On the brink of losing the Doshi STEM program and the Long Island High School for the Arts, hundreds of parents, students, school administrators and teachers gathered at a BOCES board meeting on March 26 to plead to the board to keep the program alive.

And the board gave them what they wanted — but only for a year, with no guarantee that the programs would continuing unless the attendees themselves found the funds to keep them going.

“The BOCES budget is different than a normal school district,” Eric Shultz, the board’s president, explained. “A normal school district establishes a budget with X amount of money during the year and can shuffle it around however they want. At BOCES, all the programs have to run on their own. If any program doesn’t sustain itself on its own, then you have to raise the tuition to some exorbitant amount, or close up the program.”

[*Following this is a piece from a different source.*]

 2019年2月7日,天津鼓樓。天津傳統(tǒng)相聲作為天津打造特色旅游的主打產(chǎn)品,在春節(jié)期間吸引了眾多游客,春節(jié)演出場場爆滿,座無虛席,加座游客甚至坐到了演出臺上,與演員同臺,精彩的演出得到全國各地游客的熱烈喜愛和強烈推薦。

Because BOCES cannot raise funds for its programs on its own, it appealed to the audience to do so. “At the risk of sounding brash,” Shultz said, “find the funds.”

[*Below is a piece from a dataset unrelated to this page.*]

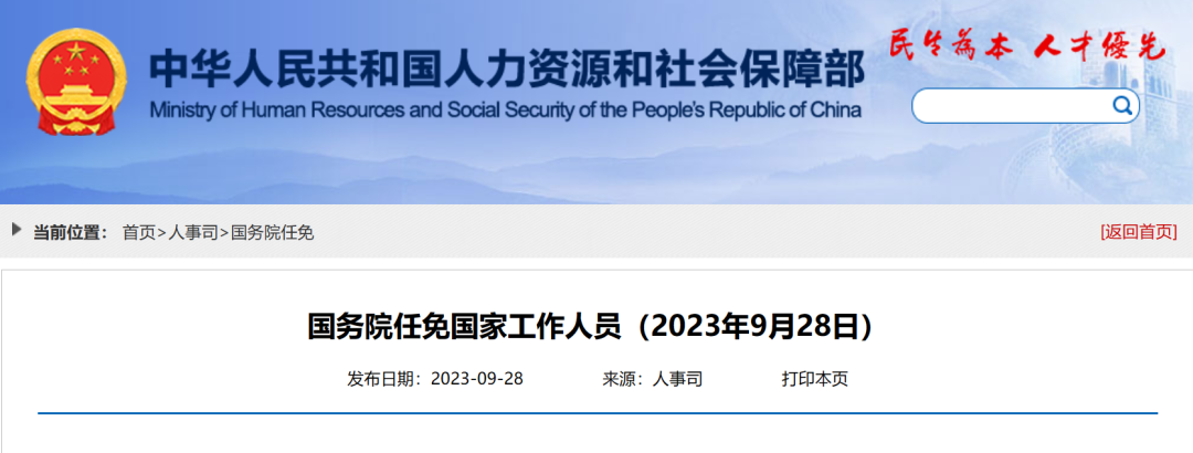 人社部網(wǎng)站9月28日消息,國務(wù)院任免國家工作人員。

BOCES oversees the Long Island High School for the Arts, in Syosset, which houses the Doshi STEM Institute as well as its own arts program. The institute is named for financial backer Dr. Leena Doshi, co-founder of Doshi Diagnostic Imaging Services, and is attended by students from nine school districts who are bused in to take advantage of its programs. STEM is an acronym for science, technology, engineering and mathematics.

One by one, board members appealed to the crowd at last week’s meeting to reach out to public officials, philanthropists and their schools’ administrations to find the money to keep sending students to the programs. “This board and our administrators have been working tirelessly for both LIHSA and Doshi STEM,” said board Vice President Susan Bergtraum. “I hope that your next step is to your local districts, to the benefactors that you say are out there, to legislators — including the governor — and tell them if they don’t send the students or find creative funding, we may not have a choice in the future.”